Dans les nuits d’insomnie, ce n’est plus un point sur la carte du monde que je choisis. J’essaie de rejoindre celle que j’ai croisée près d’un puits à Chypre, celui qui se cache dans les arbres de Hyde Park, ou celle, debout sur la rive, qui regarde la voile disparaître dans le lointain.
#4
Je me suis sentie déboussolée. C’est pourquoi je vous écris cette lettre, l’espace de la page me rassure. Mes doigts enserrent le stylo, mes fesses pèsent sur la chaise. Le tourbillon des espaces sans repères peut se calmer et s’oublier le temps de l’écriture. Se perdre dans la ville inconnue vous assigne à n’être qu’un point agité de soubresauts sans aucune perspective. On ne voit plus rien, on ne guette que des repères qui vous échappent. Je ne peux ainsi rien vous dire de ma journée d’hier. Mon seul souhait, en m’adressant à vous, c’est d’éveiller le sentiment de votre présence et d’imaginer votre tête penchée sur cette feuille de papier, vos doigts glissant sur les bords, peut-être déçu par l’absence d’anecdotes exotiques. Dans ce présent inhospitalier dont je suis la seule responsable, c’est la seule brèche qui m’aide à respirer, le lien dont je tâte la solidité.
#5
CLEF : son panneton épouse la serrure grâce à ses pertuis. C’est l’accueillage. L’hôtelier l’a posée sur le comptoir. La grosse boule en laiton est gravée du chiffre 5. Ma poche est trop petite pour l’accueillir. Je la glisse au fond de mon sac.

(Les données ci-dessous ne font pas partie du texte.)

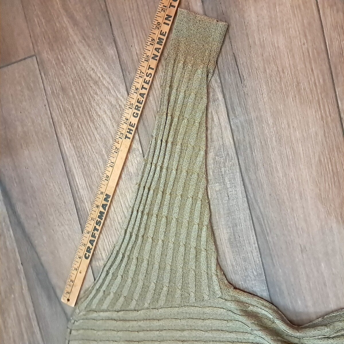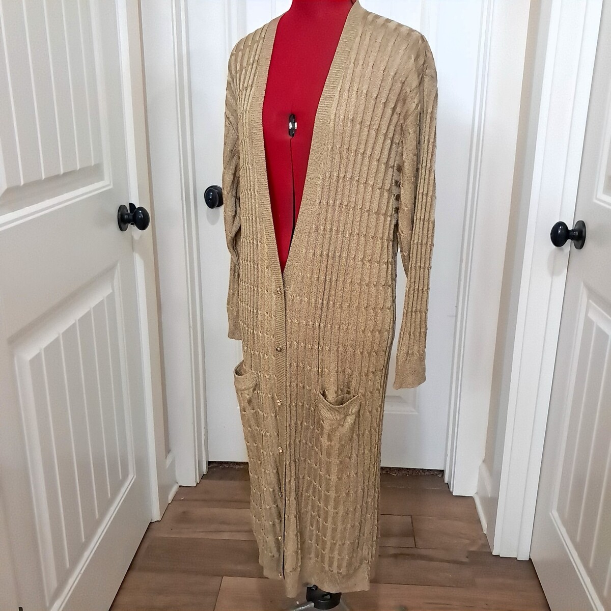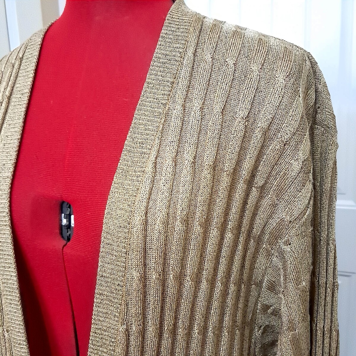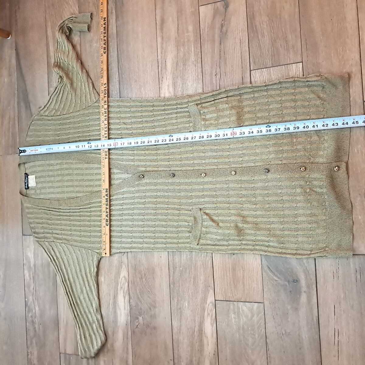 Thin, stretchy long cardigan in a gold color. Some of the brass tone buttons are tarnished, but overall very good condition. See pics for measurements.

FEU ROUGE : personne ne regarde la couleur du feu. Il faut plonger dans la foule qui sinue entre les véhicules en mouvement. Je me coince entre deux malabars qui semblent savoir où ils vont.
BUS STATION : les bus déversent leurs passagers, puis chargent un groupe compact agglutiné depuis des heures, entourés de colis et de paquets qui finissent en amas confus sur le toit. J’attends.

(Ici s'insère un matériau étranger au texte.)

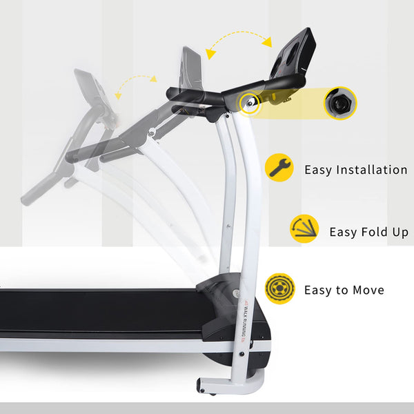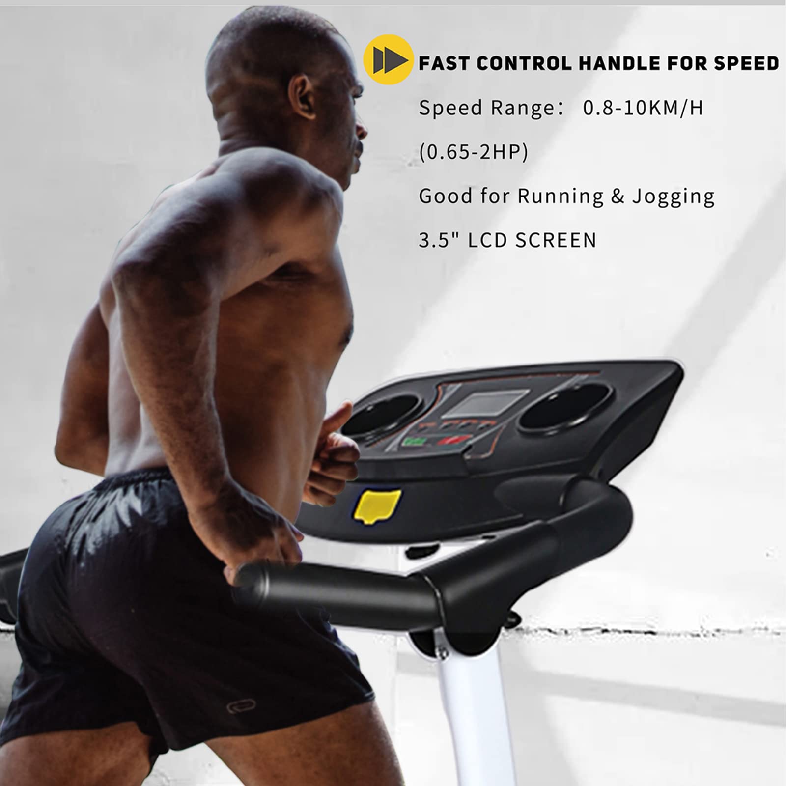 PRODUCT FEATURES 1.Everyone can use the product.(Old people and children need to be accompanyed by guardians to use the product.) 2.Compact and elegant appearance, easy to install. 3.Emergency stop device for safety protection. 4.Simple and convenient operation. 5.Max load is 120KG 6.Selected high quality materials, stable structure, safety and reliability. 7.Folding-up functions for freely folding, save space, easy to move. 8. Intelligent control panel, LCD display window (speed -, mode, program, speed +) Full control of movement. Speed range 1.0-12 Km/h.

NOIX DE COCO : la lame acérée du hachoir décapite le fruit. Une paille et nous voici accroupis près du coupeur à sentir la fraîcheur du jus irriguer nos cellules desséchées.
ECRITS : panneaux, menus… on répète des sons que rien ne permet de transcrire, des sons qu’on oubliera aussitôt. La main sera notre langage.
YONDER : Yonder, c’est entre ici et là. Ce lieu n’existe pas en français puisqu’il n’a pas de nom. Et pourtant c’est là, dans ce yonder, que je passe le plus gros de mon temps. Et ne les croyez pas quand ils vous disent que c’est là-bas.
MARCHÉ : on marche dans les marchés au milieu des marchands. On tâte, on hume, on marchande. C’est fait pour ça.
MONUMENT : point focal qui sert de repère quand il est assez haut pour s’apercevoir, là-bas, un fois parcouru yonder, ou qu’on laisse dans son dos sans en prendre de photo.
CHAMBRE : endroit impersonnel où l’on pénètre en glissant la clef retrouvée au fond du sac, alourdi par les emplettes du marché, le ticket de bus, le menu subtilisé, et la paille pliée encore gluante du jus de noix de coco.